# Special Magic Item Features: Minor Properties (5E)



## epithet (Apr 2, 2018)

There are some good ideas here. Some seem a little underpowered, however--especially for an attuned item. For example, I would boost number 14 a bit:

*Resuscitator.* If you fail a death saving throw, you can choose to succeed instead. This property can't be used again until the next dawn.


----------



## Xavian Starsider (Apr 2, 2018)

Brave sounds like a minor curse. Lol. If you want to avoid feelings of shame and guilt, kiss your life preservation good bye!


----------



## barasawa (Apr 2, 2018)

19 Unwavering - So it only adds the bonus when you have disadvantage for the type of roll it helps with.  That is a bit different.


----------



## Mouseferatu (Apr 2, 2018)

epithet said:


> There are some good ideas here. Some seem a little underpowered, however--especially for an attuned item.




Well, remember, these aren't _supposed_ to be impressive. These are the minor "extras" you can roll randomly for, like the "glows blue in the presence of orcs" thing, not anything item-defining.

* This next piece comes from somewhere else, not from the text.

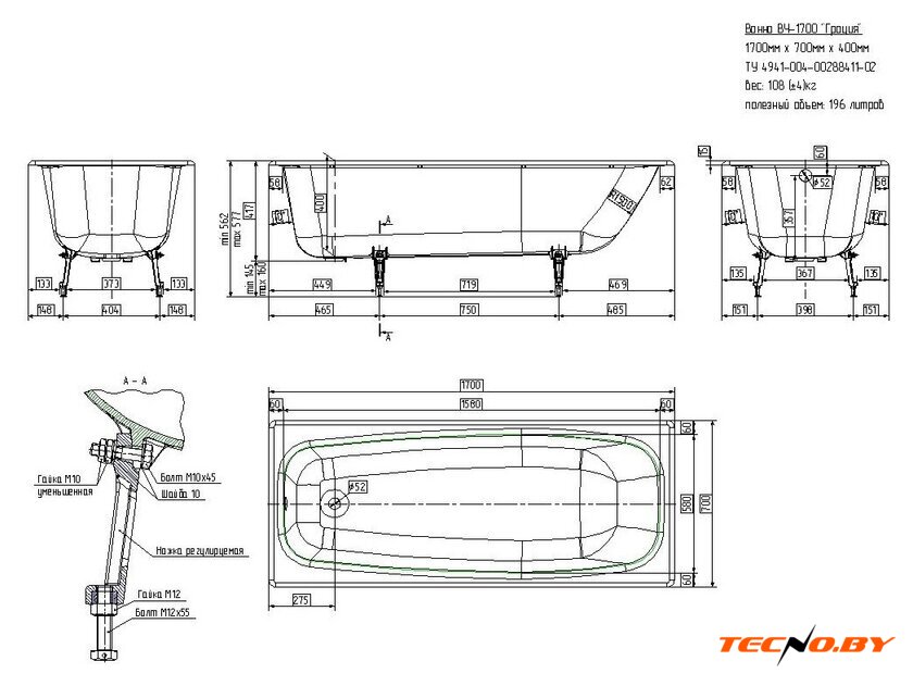 Размеры ванны составляют 170 см в длину и 70 см в ширину, что делает ее идеальной для комфортного приема водных процедур. Глубина ванны в 40 см обеспечивает достаточную вместительность с полезным объемом 196 литров, предоставляя вам возможность расслабляться в полной мере. Вес изделия составляет 102 кг, что говорит о его устойчивости и надежности.

The power you suggest could certainly work, and I considered something similar. It felt, to me, a little too potent for a random extra, but then, I'm not running your game.


----------



## epithet (Apr 3, 2018)

I see your point, I wasn't really considering them in that context.


----------



## drak273 (Apr 6, 2018)

I love these. I'm going to tack some of them onto magic items I use from the DMG to prevent the clone effect of magic items. You know so if someone wants a +1 ring of protection or a +1 long sword and then the party finds another +1 ring or longsword, these make for great little add on's to make them unique and different item to item.


----------



## Eltab (Apr 6, 2018)

12. *Lodestar* is just begging for some in-world legend writing.  Why does this item show me the direction to that other item / location?

Which might be the point, of course.


----------



## Eltab (Apr 7, 2018)

Looking at #17 (*Speedy*) again, maybe that should last for an hour.  Otherwise you've got the Tabaxi "sprint" bonus stretched out over 12 rounds.  This ought to be something that will show pursuers that there's no point in trying to catch you from behind.


----------



## Ancalagon (Apr 8, 2018)

I too am a very big fan of these minor effects, especially on "ordinary" items like a +1 sword.


----------



## Emily (Apr 9, 2018)

epithet said:


> There are some good ideas here. Some seem a little underpowered, however--especially for an attuned item. For example, I would boost number 14 a bit:
> 
> *Resuscitator.* If you fail a death saving throw, you can choose to succeed instead. This property can't be used again until the next dawn.




Nice addition.


----------